TO DO
Exact copy, pictures omitted: the line holding "Selecting the output" and every line after it down to the end of the entries.

Records excerpted from a collection:
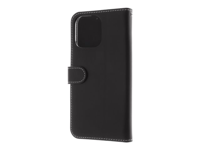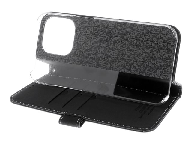 Insmat Exclusive - Lommebok for mobiltelefon - lær, kartong+papir+aluminiumsfolie, polykarbonat (PC) - svart - for Apple iPhone 15 Pro Max 650-3187
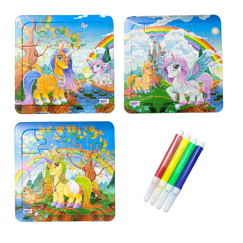 Set de Rompecabezas para Armar, Colorear y Pintar para Niños Incluye: 1 set de 3 rompecabezas (16 piezas c/u) + 4 mini marcadores Tamaño: 14 cm x 14 cm Material: Cartón Diseño: Pony Este increíble kit incluye tres rompecabezas pequeños que los niños podrán armar y pintar a su gusto. Además, viene con 4 mini marcadores en colores vibrantes para que puedan dar rienda suelta a su creatividad. Perfecto para estimular la imaginación, la concentración y la coordinación motora. ¡Un regalo perfecto que combina juego, arte y aprendizaje en un solo set!
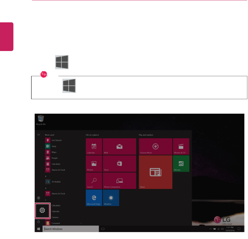 Press the [ ] key or [Ctrl] + [Esc] to display the Start menu.
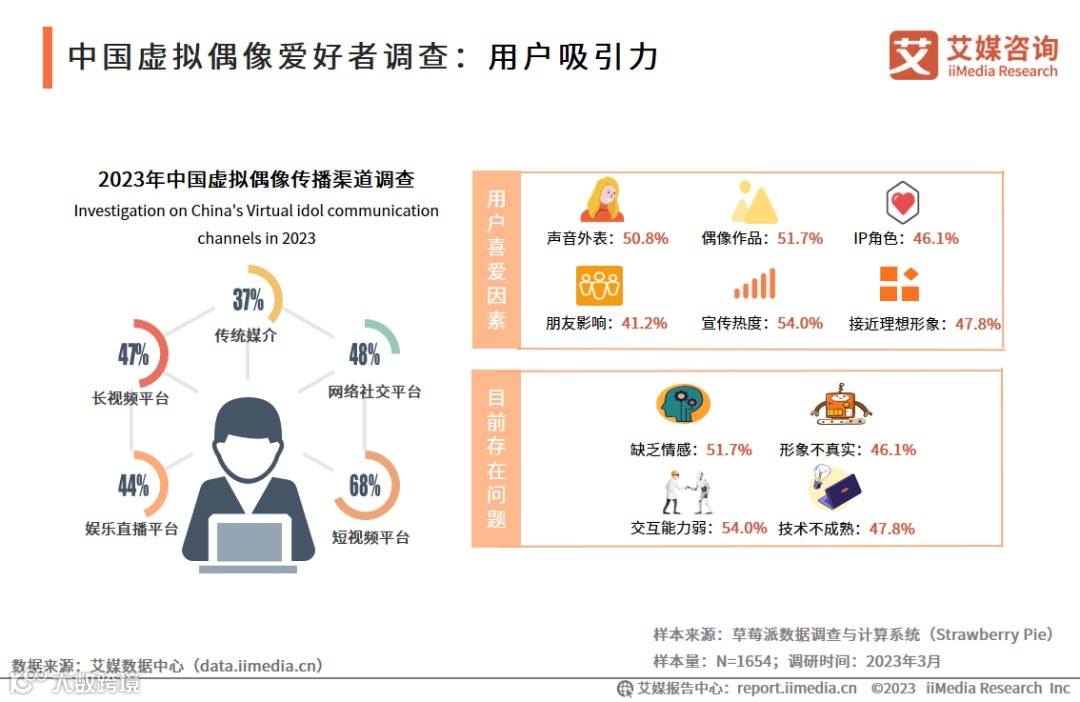 iiMedia Research(艾媒咨询)数据显示,虚拟偶像在短视频平台以及网络社交平台传播最为广泛,有超过一半的网民被虚拟偶像的外形声音、作品以及宣传吸引,但虚拟偶像的交互能力以及情感的欠缺是目前阻碍行业发展的痛点。艾媒咨询分析师认为,虚拟偶像的人设以及外表经过精心设计再加上适当的宣传,符合作品传播和内容变现的所需条件,但相关企业仍需在用户的交互体验和情感需求上作出突破。
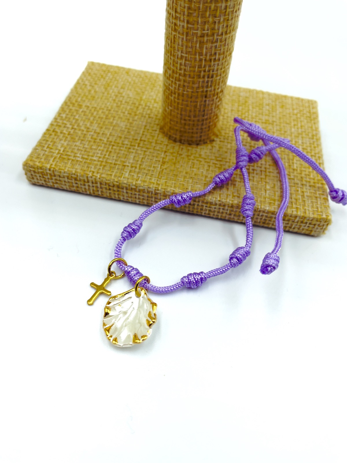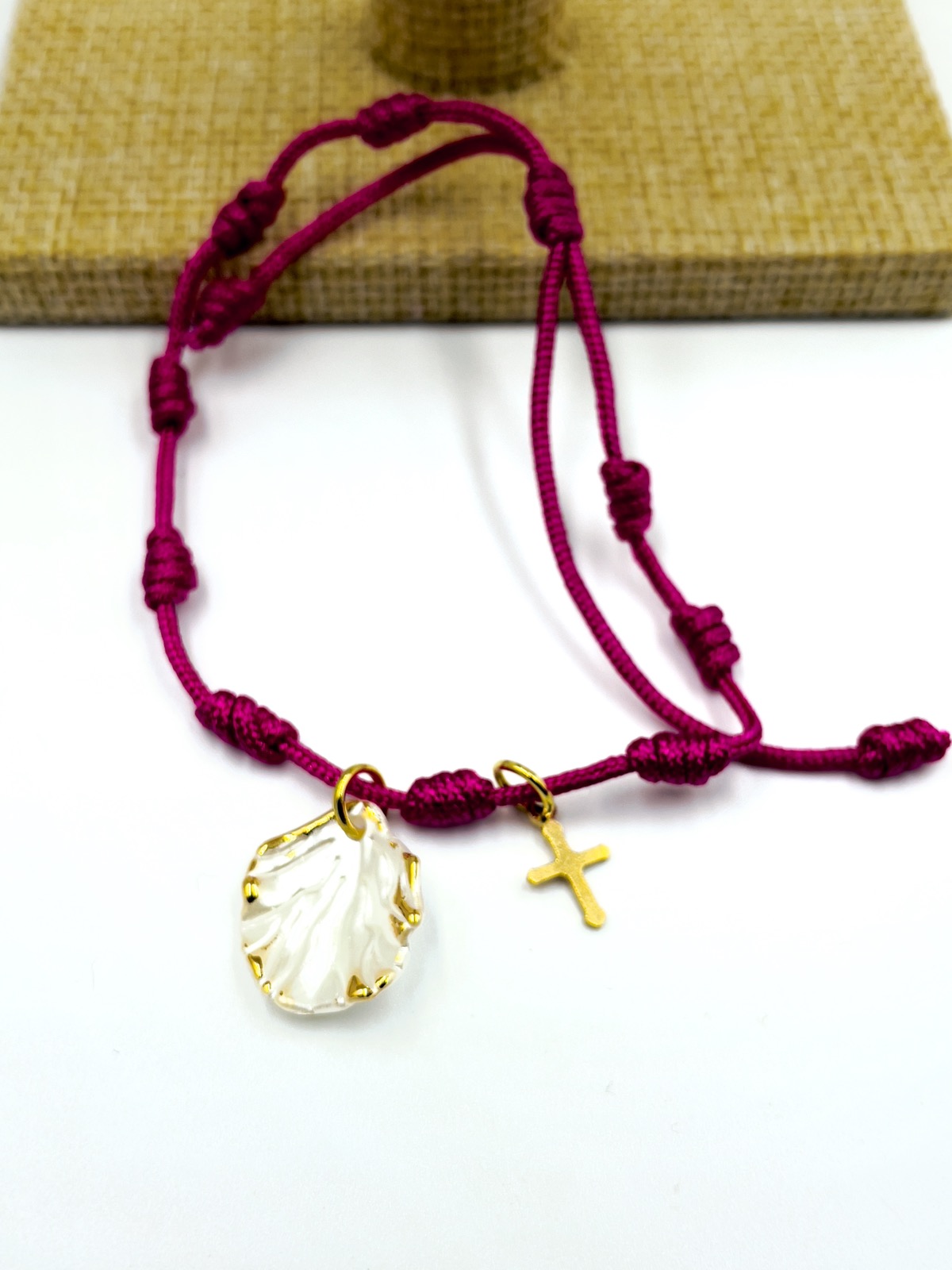 Μαρτυρικό μπρελόκ με ημιπολύτιμες χάντρες και κοχύλι με σταυρό.
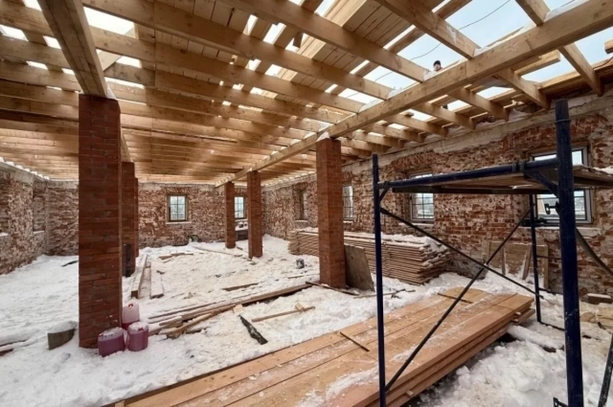 Сейчас идут работы по восстановлению крыши: старый изношенный кровельный слой снят, и рабочие приступили к установке новой стропильной системы. В ближайшее время здание будет накрыто надежной железной крышей, защищающей его от атмосферных воздействий на долгое время.
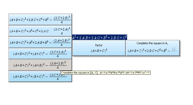 Selecting the output expression above produces the Smart Pop-up menu after a brief pause. Completing the square on the given example may be done in terms of one or several of the variables. If the mouse pointer hovers over the appropriate item then the relevant submenu appears. For individual action items (choices within that submenu) a tooltip will further describe the suggested operation.
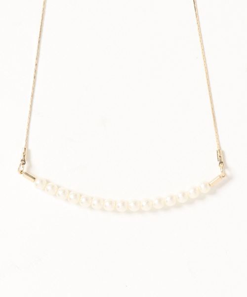 小粒のパール調ビーズを並べたシンプルモダンなネックレス。 華奢なチェーンが女性らしさを引き立て、上品で繊細な首元を演出します。 デイリーカジュアルにもパーティスタイルにも合い、備えておくと重宝すること間違いなしです。

ANSWER SECTION
 Selecting the output expression above produces the Smart Pop-up menu after a brief pause. Completing the square on the given example may be done in terms of one or several of the variables. If the mouse pointer hovers over the appropriate item then the relevant submenu appears. For individual action items (choices within that submenu) a tooltip will further describe the suggested operation.
 小粒のパール調ビーズを並べたシンプルモダンなネックレス。 華奢なチェーンが女性らしさを引き立て、上品で繊細な首元を演出します。 デイリーカジュアルにもパーティスタイルにも合い、備えておくと重宝すること間違いなしです。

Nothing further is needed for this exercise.